Range to reproduce from the entries below: the line with "in the back", the line with "Flock Keto Chicken", and every line in between. Give them exactly and give nothing else.

◆ **Supplied data**:

_ _ _

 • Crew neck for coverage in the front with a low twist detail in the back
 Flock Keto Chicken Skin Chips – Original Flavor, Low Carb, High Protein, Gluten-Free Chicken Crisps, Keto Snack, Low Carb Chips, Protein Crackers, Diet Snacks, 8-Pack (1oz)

_ _ _

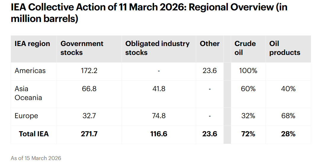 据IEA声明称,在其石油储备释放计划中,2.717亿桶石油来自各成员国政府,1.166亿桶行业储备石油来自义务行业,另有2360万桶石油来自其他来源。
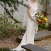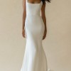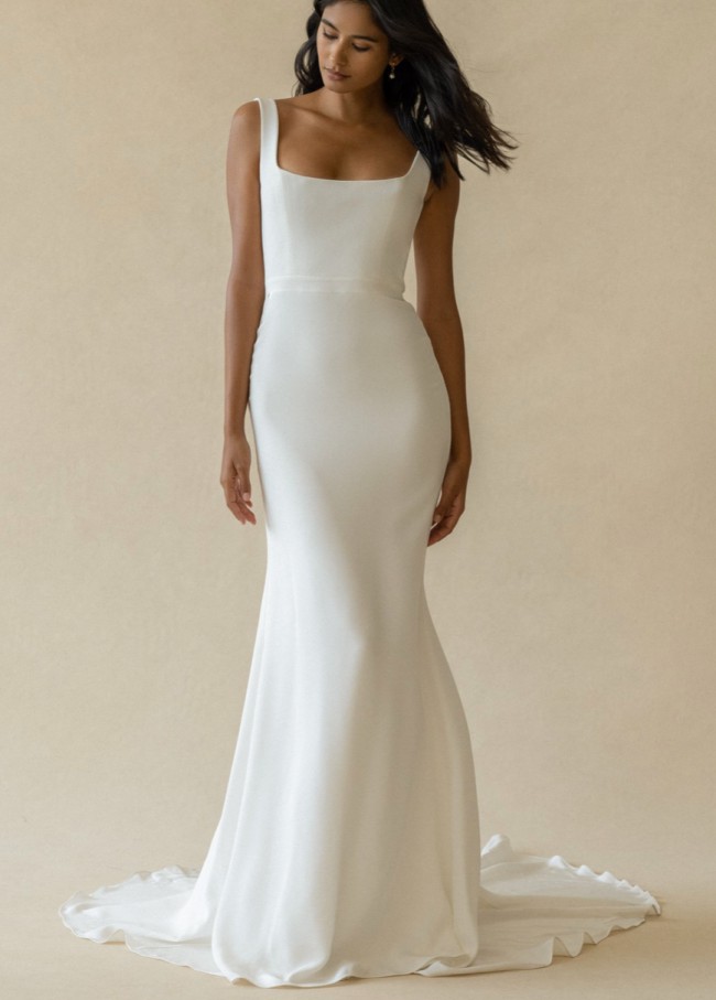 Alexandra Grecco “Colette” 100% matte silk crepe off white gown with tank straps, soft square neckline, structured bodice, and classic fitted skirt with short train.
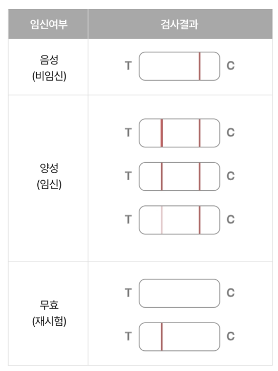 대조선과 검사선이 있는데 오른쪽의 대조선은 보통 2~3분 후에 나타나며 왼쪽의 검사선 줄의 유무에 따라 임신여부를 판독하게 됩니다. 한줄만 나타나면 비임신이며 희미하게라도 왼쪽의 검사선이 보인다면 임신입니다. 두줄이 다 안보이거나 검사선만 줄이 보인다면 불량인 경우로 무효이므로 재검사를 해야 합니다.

_ _ _

◆ **Result**:
 • Crew neck for coverage in the front with a low twist detail in the back
 Flock Keto Chicken Skin Chips – Original Flavor, Low Carb, High Protein, Gluten-Free Chicken Crisps, Keto Snack, Low Carb Chips, Protein Crackers, Diet Snacks, 8-Pack (1oz)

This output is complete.